CIC is multi-phase, not a single operation:

  1. creates index metadata with indisvalid = false (planner ignores it)
  2. first scan — builds the initial index while writes continue
  3. waits for all transactions that started before phase 2 completed
  4. second scan — catches up on changes made during the first scan
  5. another brief wait, then one more mini-scan
  6. takes a momentary AccessExclusiveLock to mark indisvalid = true

you can watch the phases in pg_stat_progress_create_index.

the catches

long-running transactions are poison. CIC waits for all open transactions that predate it. an analyst's 45-minute select blocks your index build for 45 minutes. on hot tables it can need a third, fourth scan — thrashing until the long query ends.

failure leaves garbage. if CIC fails (unique violation, lock timeout, server restart), the index stays with indisvalid = false. the planner ignores it, but writes still maintain it — burning cpu and i/o on a dead index. you must drop index concurrently before retrying.
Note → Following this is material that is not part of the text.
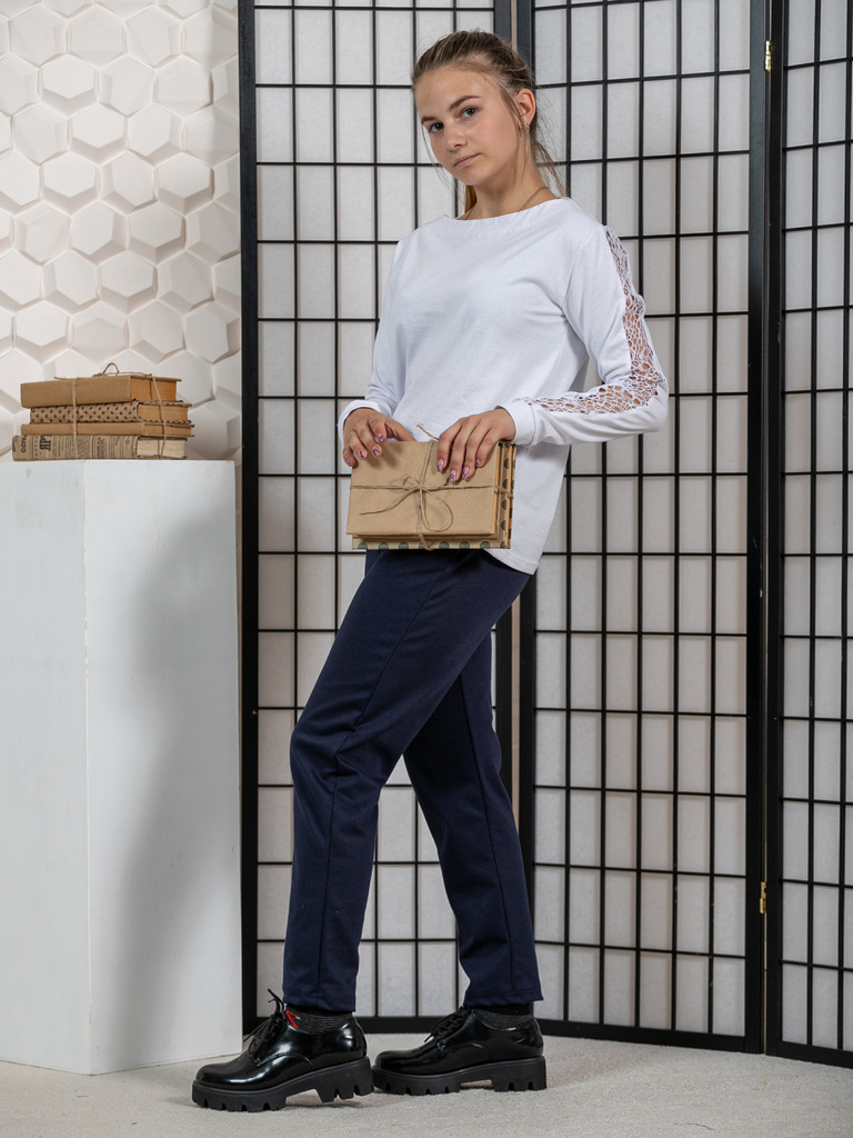 Цвет: синий.Состав: пэ100%.Материал: милано.Сезонность: Осень-зима Брюки для девочки-подростка однотонные. Подростковые штаны в классическом стиле, прямого кроя, с карманами в боковых швах. Высокая та... Показать описаниелия с поясом на резинке, обеспечивает удобную посадку и создает модный силуэт. Брюки-один из самых главных элементов в гардеробе. Отлично подойдут для делового и повседневного образа. Детские брючки можно сочетать с футболкой, блузкой, лонгсливом, водолазкой, жилетом, джемпером, кофтой, кардиганом, толстовкой, свитшотом, худи. Джоггеры подойдут для прогулок, праздников, вечеринок, похода в гости, экскурсий, школы, кружков, для подарка. Будем рады, если Вы оставите отзывы о наших моделях одежды. Учтём Ваши пожелания!

can't run in a transaction block. CIC commits its own internal transactions during the build. wrapping it in begin/commit throws an error.

unique indexes are extra fragile. a regular create unique index locks out writes so duplicates can't sneak in. CIC allows writes, so a concurrent duplicate insert fails the whole build retroactively.

2–3× slower than a regular build, and more resource-intensive.

companion: reindex concurrently

same multi-phase approach, but for rebuilding an existing index (e.g., to fix bloat). creates a temp index concurrently, swaps it in, drops the old one.